If you haven’t tried it, I would definitely recommend it, as otherwise, it is easy to spend your time on day-to-day tasks and answering emails and attending meetings and you haven’t actually achieved any underlying improvements to your business – you haven’t worked ON your business but have only worked IN your business.
It took seven quarters before a new website made it to the top of the list and into the goals for quarter number eight. What did I need a new website for? We already had plenty of work, and we did our marketing through LinkedIn, which was working very well, thanks to regular posts two or three times a week, such that now when I went to networking events, people that I had never met before came up to me and spoke to me about my posts.
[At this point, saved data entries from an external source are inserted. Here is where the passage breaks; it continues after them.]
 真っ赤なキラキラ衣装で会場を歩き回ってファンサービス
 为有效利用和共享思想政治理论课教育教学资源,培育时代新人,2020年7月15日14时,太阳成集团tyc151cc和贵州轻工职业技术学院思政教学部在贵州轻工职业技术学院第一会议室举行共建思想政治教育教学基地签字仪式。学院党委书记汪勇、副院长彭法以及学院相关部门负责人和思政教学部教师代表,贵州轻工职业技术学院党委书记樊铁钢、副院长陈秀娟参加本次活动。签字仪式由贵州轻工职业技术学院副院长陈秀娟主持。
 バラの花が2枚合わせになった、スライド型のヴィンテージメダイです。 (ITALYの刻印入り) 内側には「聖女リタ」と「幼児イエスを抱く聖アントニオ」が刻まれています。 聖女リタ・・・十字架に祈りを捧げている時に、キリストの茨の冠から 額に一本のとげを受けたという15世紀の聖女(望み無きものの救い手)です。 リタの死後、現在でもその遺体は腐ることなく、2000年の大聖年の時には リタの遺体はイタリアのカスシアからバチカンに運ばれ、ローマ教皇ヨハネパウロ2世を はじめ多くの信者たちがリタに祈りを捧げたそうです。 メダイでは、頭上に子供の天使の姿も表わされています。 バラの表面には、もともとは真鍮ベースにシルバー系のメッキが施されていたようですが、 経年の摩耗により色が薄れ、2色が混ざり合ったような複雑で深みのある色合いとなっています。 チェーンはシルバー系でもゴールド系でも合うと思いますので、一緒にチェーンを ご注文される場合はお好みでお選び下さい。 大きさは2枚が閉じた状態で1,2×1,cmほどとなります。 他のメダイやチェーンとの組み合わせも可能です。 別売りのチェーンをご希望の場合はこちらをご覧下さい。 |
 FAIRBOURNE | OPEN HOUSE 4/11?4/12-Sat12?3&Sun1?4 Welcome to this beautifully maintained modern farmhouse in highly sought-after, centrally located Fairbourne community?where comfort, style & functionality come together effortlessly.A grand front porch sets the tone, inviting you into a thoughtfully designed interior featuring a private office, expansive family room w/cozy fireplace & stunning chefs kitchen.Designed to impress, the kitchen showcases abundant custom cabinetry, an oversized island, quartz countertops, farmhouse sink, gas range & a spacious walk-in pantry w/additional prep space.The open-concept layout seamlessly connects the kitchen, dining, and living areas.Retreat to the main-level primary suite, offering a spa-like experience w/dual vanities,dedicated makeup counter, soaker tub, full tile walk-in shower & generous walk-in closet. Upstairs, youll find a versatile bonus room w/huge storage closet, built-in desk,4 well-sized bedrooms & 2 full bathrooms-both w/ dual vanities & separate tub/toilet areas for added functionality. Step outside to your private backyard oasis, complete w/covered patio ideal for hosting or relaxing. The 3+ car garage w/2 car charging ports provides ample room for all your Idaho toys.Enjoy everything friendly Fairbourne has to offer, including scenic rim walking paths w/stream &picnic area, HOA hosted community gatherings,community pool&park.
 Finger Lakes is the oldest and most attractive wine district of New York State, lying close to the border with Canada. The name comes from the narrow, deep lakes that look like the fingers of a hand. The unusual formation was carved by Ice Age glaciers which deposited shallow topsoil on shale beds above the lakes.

But then I began to realise that the next place that prospects look after seeing you on LinkedIn is your website, and ours was so out of date that it had become an embarrassment.
It still had a photo of me from twenty years ago when I had started my new business, in the days when accountants wore suits and ties, and the content was from the days before cloud accounting which had transformed the way that we worked since then – or at least for some of us, I was amazed to read last week in Will Farnell’s latest book “The Human Firm” that even now, only 20% of accountancy practices use cloud accounting.
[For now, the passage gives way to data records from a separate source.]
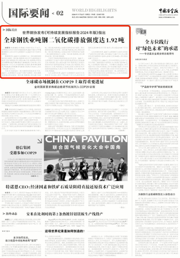 世界鋼協表示,2024年,共有93家鋼鐵企業和行業協會貢獻了2023財政年度數據,共計粗鋼產量9.561億噸,占全球粗鋼產量的51%。74家組織自願提供了8項指標中的1項或多項數據,其中36家組織提供了所有8項指標的數據。該報告與聯合國的可持續發展目標、《巴黎協定》等全球重點事項保持一致,表明鋼鐵行業滿足不斷發展變化的社會期望的決心,以及共同承擔建設可持續發展未來的使命。
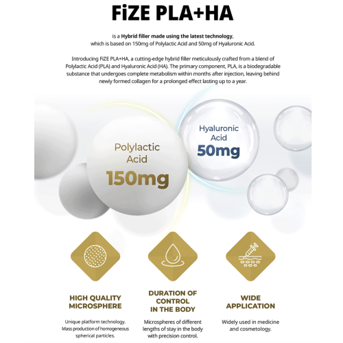 FIZE PLA+HA is an innovative hybrid filler that combines the power of Polylactic Acid (PLA) and Hyaluronic Acid (HA) to deliver exceptional skin rejuvenation. This advanced formula works in two stages: initially, HA provides instant skin tightening and wrinkle reduction by filling lines and restoring volume. As the treatment progresses, PLA takes the lead by stimulating collagen production, promoting long-term skin regeneration and elasticity.
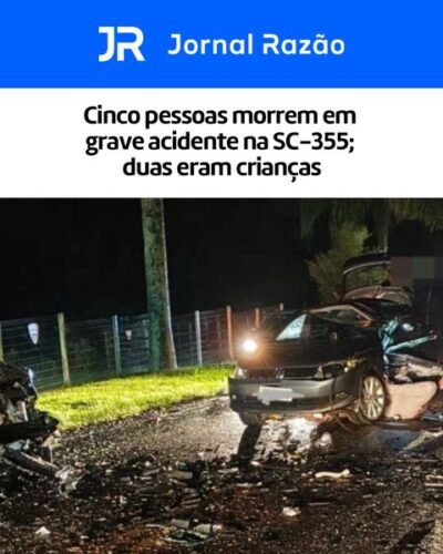 Um acidente de grandes proporções registrado no início da noite deste domingo (12), na rodovia SC-355, entre Videira e Iomerê, no Meio-Oeste catarinense, deixou cinco pessoas mortas.
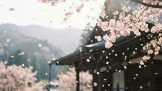 緑に囲まれた日本庭園の橋と水景を描いた背景素材。落ち着いた自然美と静寂な雰囲気が、和風デザインや癒し系コンテンツに最適です。

Back then, when I was starting my business, I knew that it was going to be really tough. I only had one client, and I knew the theory of how to run an established business but how to get clients was another thing completely – accountants are useless at sales and marketing.
Twenty years ago, being self-employed was considered a much more risky option than it is now – it was still the era of “a job for life”. I resolved to give it at least a year and to make sure that I was committed, I invested in a new logo and website, rented a serviced office and most importantly, chose a niche that I was familiar with from my previous role and specialised in technology companies.
(Incidentally the serviced office served me well to start with but when they moved an Escape Room business into the office next door to me that made me move my office to home which meant that I was all set for lockdown in 2020. Having someone trying to escape from the room next door at all hours of the day is not a good working environment for accountants…)
Twenty years on and I contacted Steven Mitchell, who had created Accountech’s first logo, which served me so well. He agreed to develop a new identity and produce a new website, which was more in line with the business as it was now. He also introduced me to a young photographer Elliott Cansfield.
Other than our employees and clients, the other people who helped me on the project were John Lamerton and Jason Brockman. I referred to John’s book “Evergreen Assets” which has the tagline “Do the Work Once, Reap the Rewards Again and Again (and Again!)” – that summed up exactly what I wanted from the website.
The website has had many iterations, and John has sent me several Loom videos with suggested improvements and critiqued those of our competitors, both of which have been hugely valuable. I also read the book “Building a Story Brand” by Donald Miller, and that has helped me see that a website should be all about how you as the hero of the story solve a problem for the damsel in distress (your client) – so many other websites concentrate too much on themselves, their qualifications and how great they are and are full of technical content that the client isn’t interested in (they just want you to advise them with a solution, not tell them how to do it!).
I hope you like our new website – please let me know what you think.